__Instructions to follow__
Word for word, transcribe the lines below and drop the pictures.

__Collection entries__
------------------------------------------------
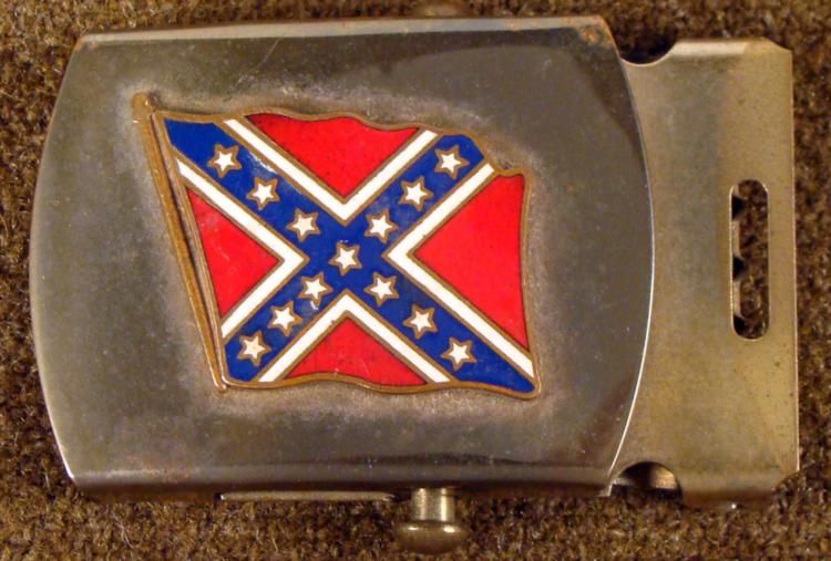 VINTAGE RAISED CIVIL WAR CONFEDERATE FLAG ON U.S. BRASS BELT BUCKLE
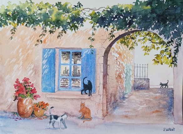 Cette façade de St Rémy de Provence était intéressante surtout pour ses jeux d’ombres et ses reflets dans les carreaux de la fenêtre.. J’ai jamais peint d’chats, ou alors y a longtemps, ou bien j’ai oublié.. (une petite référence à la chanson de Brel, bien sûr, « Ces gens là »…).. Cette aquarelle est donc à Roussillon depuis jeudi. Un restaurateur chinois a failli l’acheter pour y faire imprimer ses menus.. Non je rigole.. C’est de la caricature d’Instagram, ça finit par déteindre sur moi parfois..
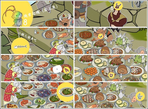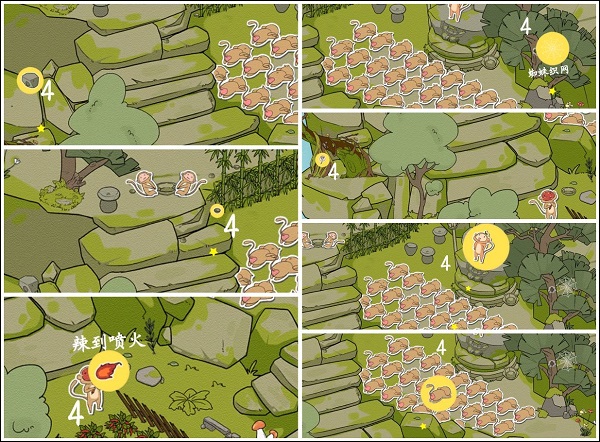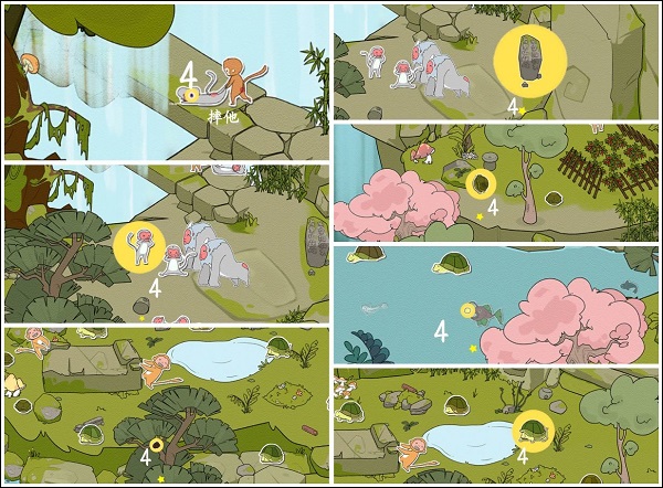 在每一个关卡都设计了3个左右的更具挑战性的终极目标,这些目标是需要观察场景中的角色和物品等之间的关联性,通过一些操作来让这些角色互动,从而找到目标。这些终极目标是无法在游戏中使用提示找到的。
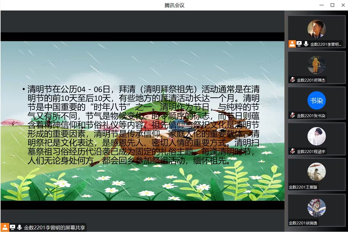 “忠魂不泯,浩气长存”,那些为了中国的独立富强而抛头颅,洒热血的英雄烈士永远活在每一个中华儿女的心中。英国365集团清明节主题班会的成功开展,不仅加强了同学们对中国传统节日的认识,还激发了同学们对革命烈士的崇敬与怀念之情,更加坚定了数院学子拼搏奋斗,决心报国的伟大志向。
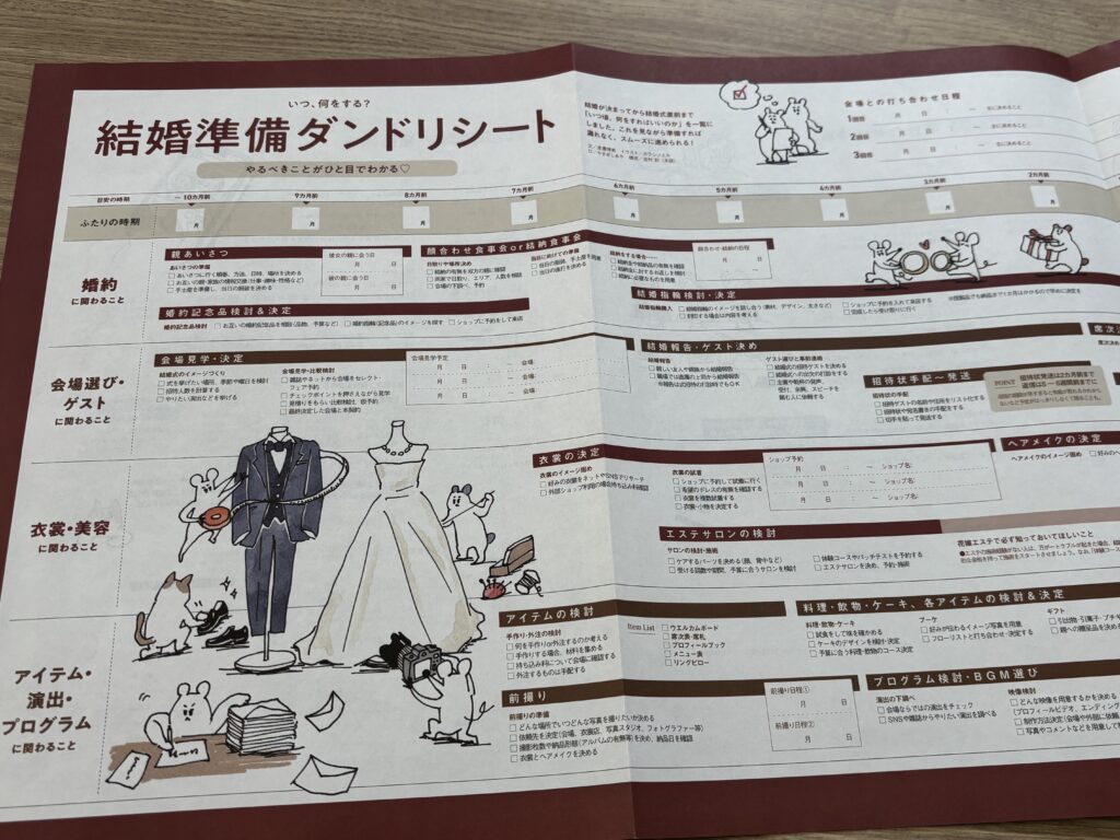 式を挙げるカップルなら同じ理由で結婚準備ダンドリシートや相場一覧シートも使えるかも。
------------------------------------------------
__Exercise response__
 VINTAGE RAISED CIVIL WAR CONFEDERATE FLAG ON U.S. BRASS BELT BUCKLE
 Cette façade de St Rémy de Provence était intéressante surtout pour ses jeux d’ombres et ses reflets dans les carreaux de la fenêtre.. J’ai jamais peint d’chats, ou alors y a longtemps, ou bien j’ai oublié.. (une petite référence à la chanson de Brel, bien sûr, « Ces gens là »…).. Cette aquarelle est donc à Roussillon depuis jeudi. Un restaurateur chinois a failli l’acheter pour y faire imprimer ses menus.. Non je rigole.. C’est de la caricature d’Instagram, ça finit par déteindre sur moi parfois..
 在每一个关卡都设计了3个左右的更具挑战性的终极目标,这些目标是需要观察场景中的角色和物品等之间的关联性,通过一些操作来让这些角色互动,从而找到目标。这些终极目标是无法在游戏中使用提示找到的。
 “忠魂不泯,浩气长存”,那些为了中国的独立富强而抛头颅,洒热血的英雄烈士永远活在每一个中华儿女的心中。英国365集团清明节主题班会的成功开展,不仅加强了同学们对中国传统节日的认识,还激发了同学们对革命烈士的崇敬与怀念之情,更加坚定了数院学子拼搏奋斗,决心报国的伟大志向。
 式を挙げるカップルなら同じ理由で結婚準備ダンドリシートや相場一覧シートも使えるかも。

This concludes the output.